DATASET →
━━━━━━

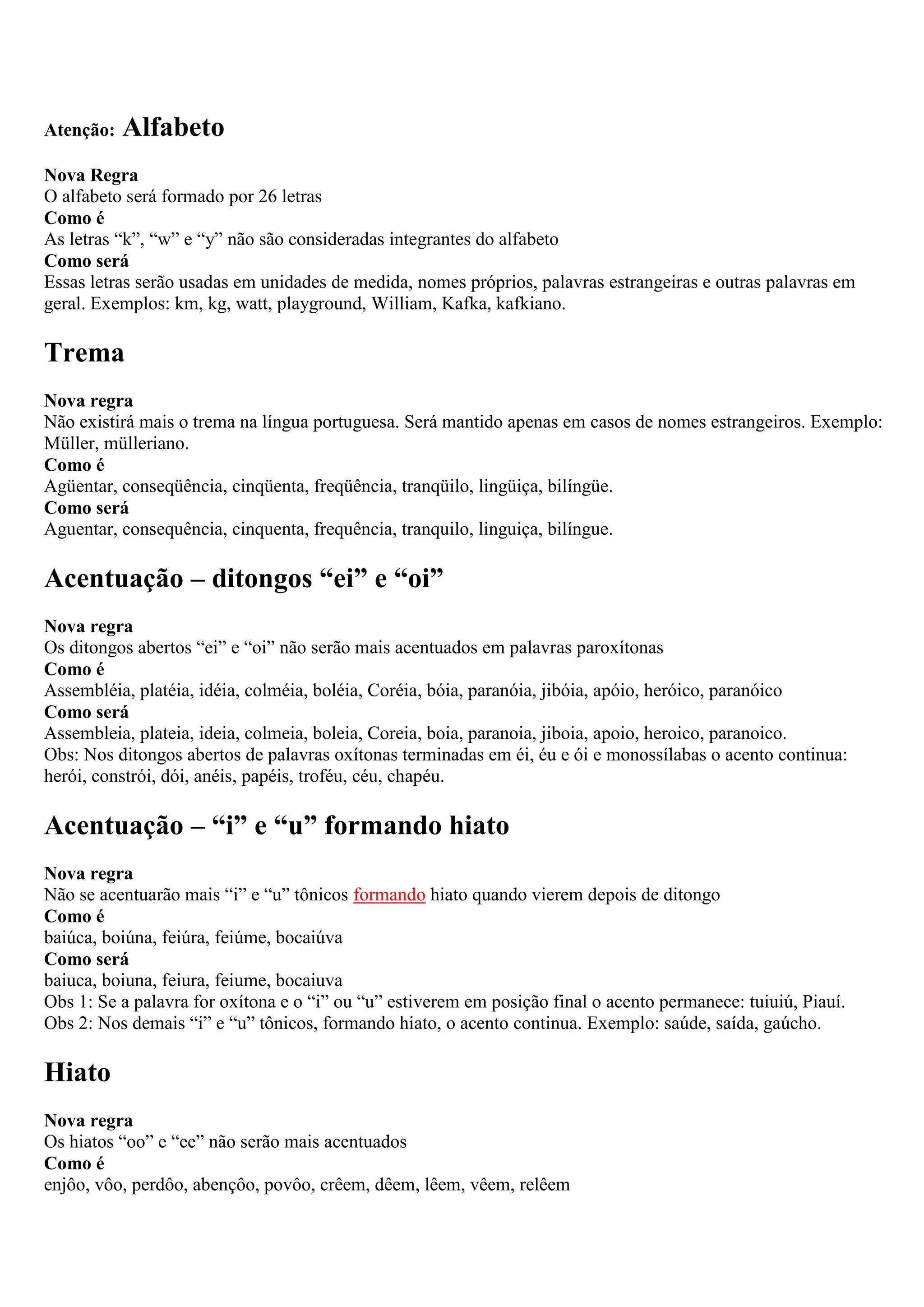 As principais mudanças nas regras ortográficas incluem: 1) retirar letras como "k", "w" e "y" do alfabeto, exceto em palavras estrangeiras e unidades de medida; 2) eliminar o trema em todos os casos, exceto em nomes estrangeiros; 3) remover acentos em ditongos abertos e na combinação "i-u", com exceções.
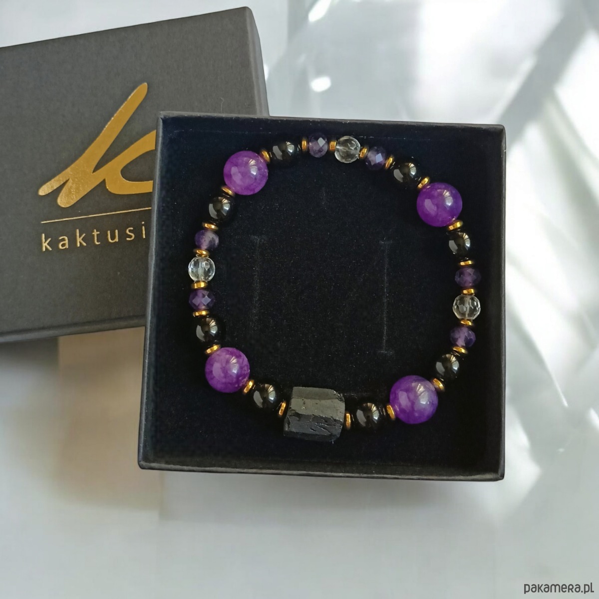 Piękna bransoletka na solidnej lince elastycznej, wykonana z surowej bryłki czarnego turmalinu, fasetowanych oponek ametystu, kul fioletowego agatu 10mm, onyksu 8mm, fasetowanych kul kryształu górskiego 6mm oraz przekładek ze złotego hematytu.
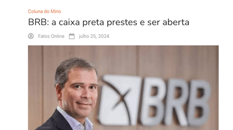 Matérias questionam a gestão do Banco Regional de Brasília (BRB), sob a liderança do presidente Paulo Henrique Costa. Recentes reportagens levantam sérias preocupações sobre a administração do banco, que merece uma investigação aprofundada e respostas claras à sociedade.
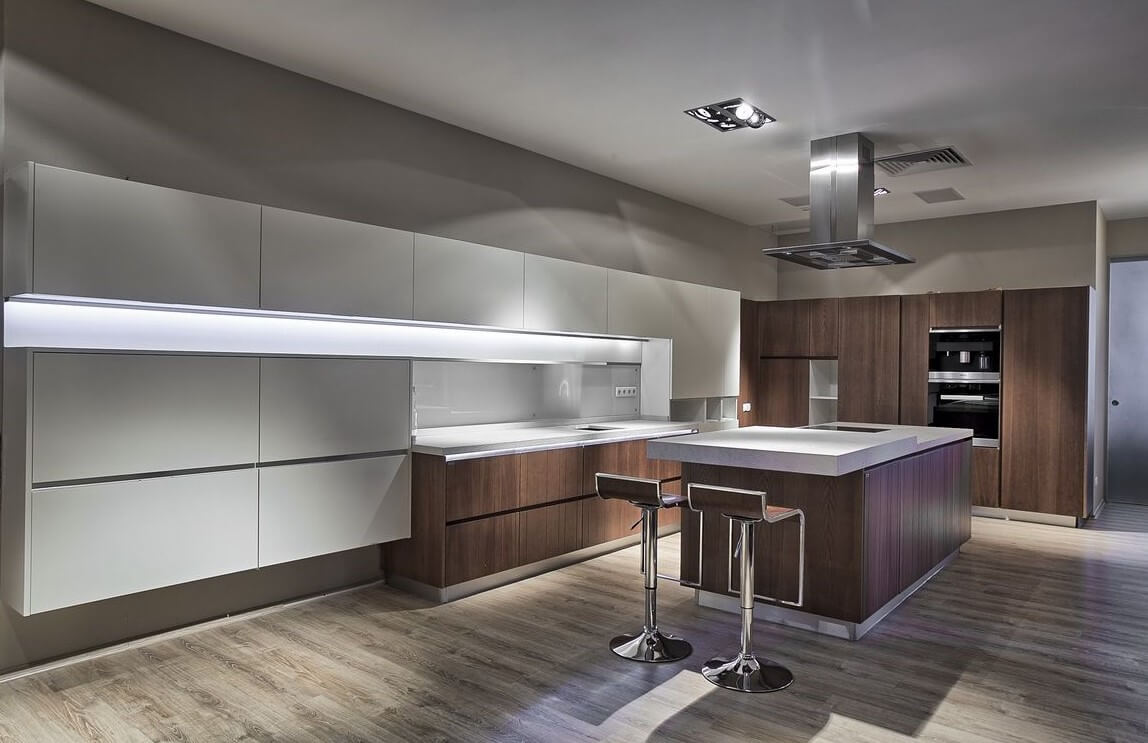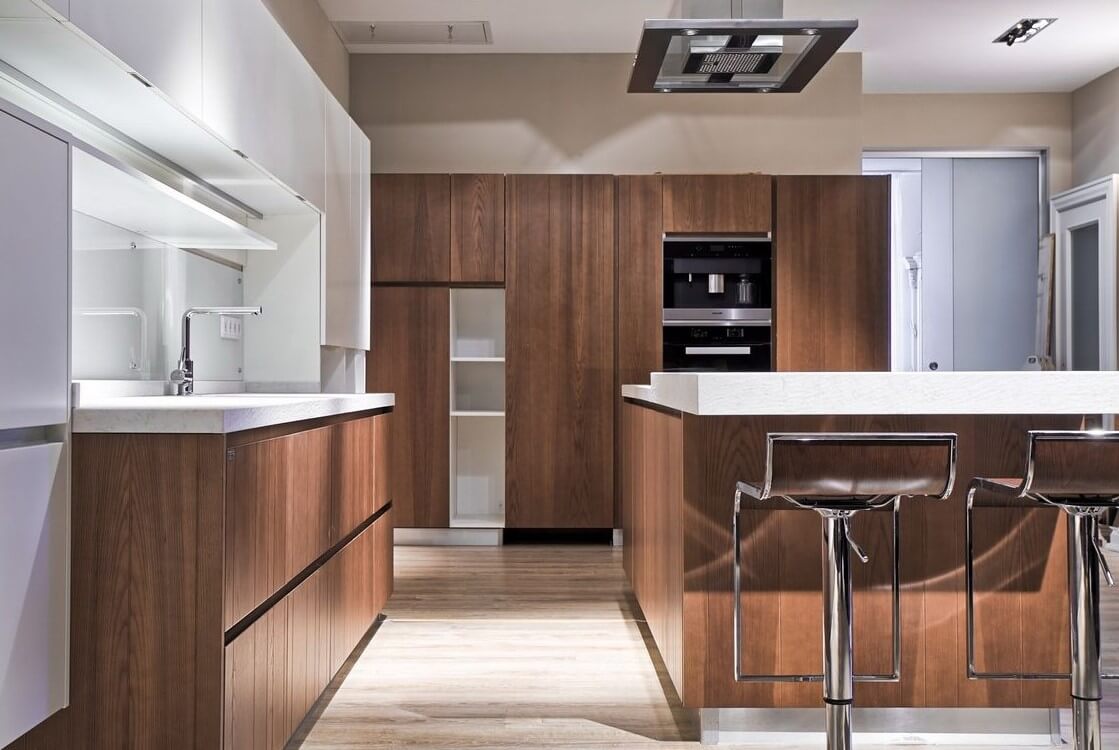 С открытыми полками, Без ручек, С барной стойкой, Разный уровень столешницы
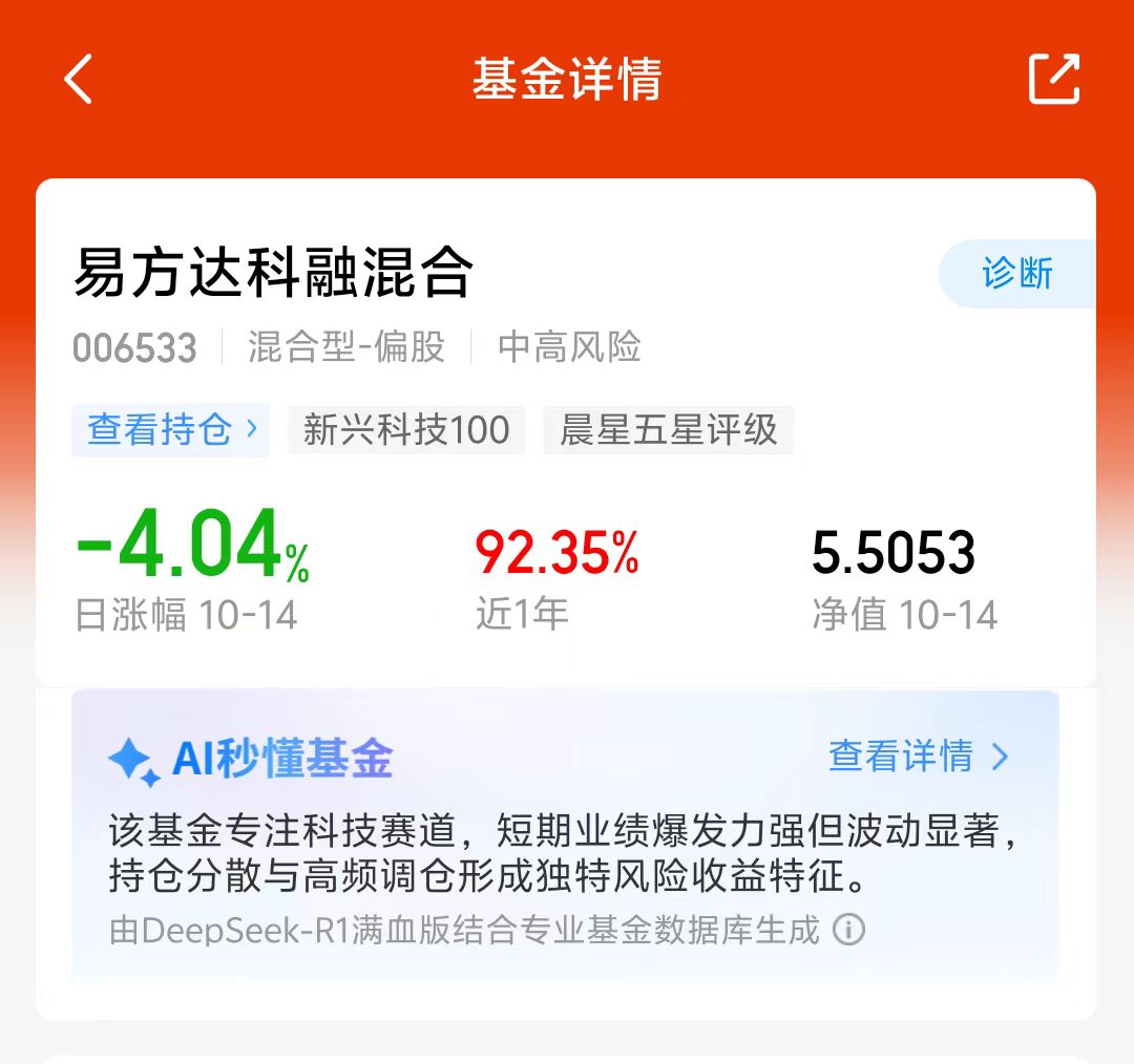 大盘今天回暖上涨,大科技等板块今天涨起来了,成长行情轮动速度比较快,我准备继续分批加仓$易方达科融混合(OTCFUND|006533)$,持仓有科技、新能源和军工等板块,轮动配置,近三个月涨了57.40%,近六个月涨了91.97%,持仓比较均衡一些,可以降低单一赛道回调带来的风险,持仓体验还不错,我准备分批加仓了!

━━━━━━

DIRECTIONS → What's needed is an exact retyping of the records, pictures excluded.

TASK RESULT →
 As principais mudanças nas regras ortográficas incluem: 1) retirar letras como "k", "w" e "y" do alfabeto, exceto em palavras estrangeiras e unidades de medida; 2) eliminar o trema em todos os casos, exceto em nomes estrangeiros; 3) remover acentos em ditongos abertos e na combinação "i-u", com exceções.
 Piękna bransoletka na solidnej lince elastycznej, wykonana z surowej bryłki czarnego turmalinu, fasetowanych oponek ametystu, kul fioletowego agatu 10mm, onyksu 8mm, fasetowanych kul kryształu górskiego 6mm oraz przekładek ze złotego hematytu.
 Matérias questionam a gestão do Banco Regional de Brasília (BRB), sob a liderança do presidente Paulo Henrique Costa. Recentes reportagens levantam sérias preocupações sobre a administração do banco, que merece uma investigação aprofundada e respostas claras à sociedade.
 С открытыми полками, Без ручек, С барной стойкой, Разный уровень столешницы
 大盘今天回暖上涨,大科技等板块今天涨起来了,成长行情轮动速度比较快,我准备继续分批加仓$易方达科融混合(OTCFUND|006533)$,持仓有科技、新能源和军工等板块,轮动配置,近三个月涨了57.40%,近六个月涨了91.97%,持仓比较均衡一些,可以降低单一赛道回调带来的风险,持仓体验还不错,我准备分批加仓了!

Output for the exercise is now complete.